When the pleasure of being close to him returns, the guilt goes away. Moreover, desire is often fueled by the awareness of the violation of the taboo, which adds spice to the relationship, and cheating becomes one of the components of sexual life.
Sex twice a day does not guarantee either sexual satisfaction or even fidelity of a partner.
But if the union is based on the fidelity of partners, the severity of guilt can outweigh the excitement caused by betrayal. If sex with a regular partner becomes a manifestation of the narcissistic need to feel «on top», and the motivation for it is a sense of duty, then sooner or later in such a pair, problems with desire will manifest themselves with painful acuteness.
… to keep him (or her)
Behind this desire lies fear, which is more common in women. How common it is is shown by the success enjoyed by books about a thousand and one erotic ways to keep a man. Alas, if it were enough to sort through all the poses of the Kama Sutra to forever exclude any thoughts of treason, then a copy of this book would lie in every family in a place of honor.

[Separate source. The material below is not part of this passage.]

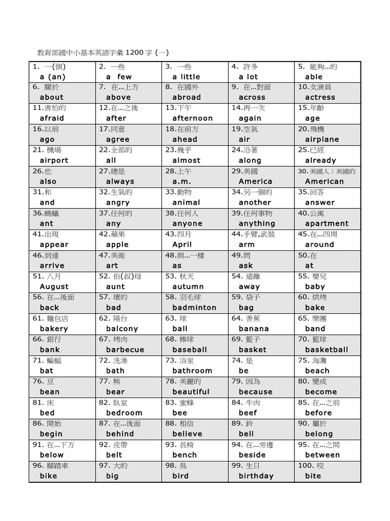 教育部國中小基本英語字彙 1200 字 (一)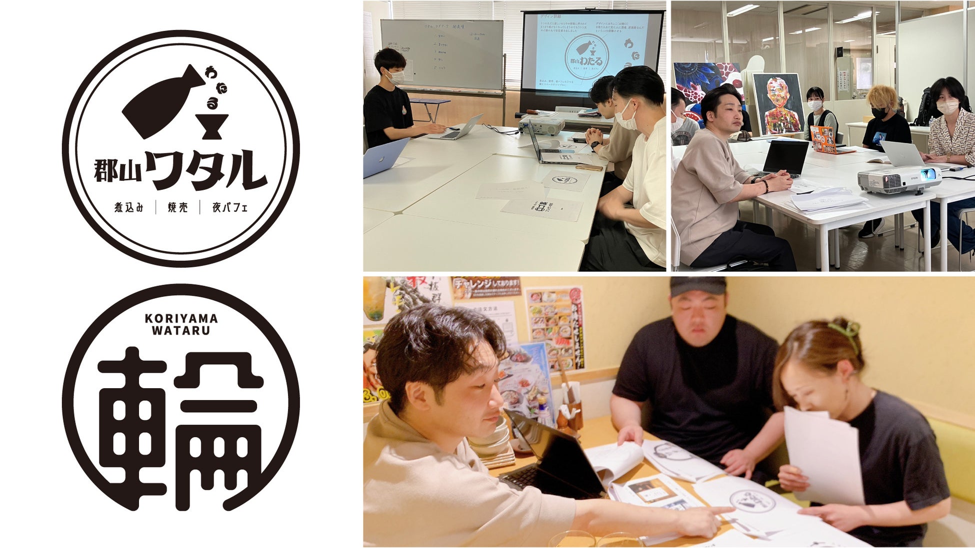 郡山の人々の輪をつなぐ企画第一弾として、郡山にある「国際アート&デザイン大学校」の学生とコラボして、店舗のロゴ制作に協力いただきました。5名の学生にワタルのロゴ制作をお願いし、コンペの結果2名のロゴを採用して実際の店舗で使用しています。オープン後には採用された学生の方や協力いただいた学生の方の挑戦を称える表彰式の開催も予定しています。

But, as we know, the most powerful aphrodisiac is desire. Free, capricious, elusive — so fragile and therefore so precious. The quality of sexual relations is not determined by quantitative indicators. And sex twice a day does not guarantee either sexual satisfaction, or even fidelity of a partner.
In this deliberate passion, his unconscious will pick up signals of fear and uncertainty — and they really kill desire. Don’t forget: giving in to keep, you can lose sight of yourself.
…just relax
Sex is also one way to relieve stress. We experience pleasure largely due to endorphins — hormones that cause a feeling of euphoria. Orgasm in most cases brings a feeling of lightness and emptiness. Problems can arise if the partner feels that the other is using his body only for his own discharge. Sensual rapprochement, massage, caresses, even sleeping together — all this makes it possible to please each other without treating the partner as an object. And to go further or not, everyone decides for himself.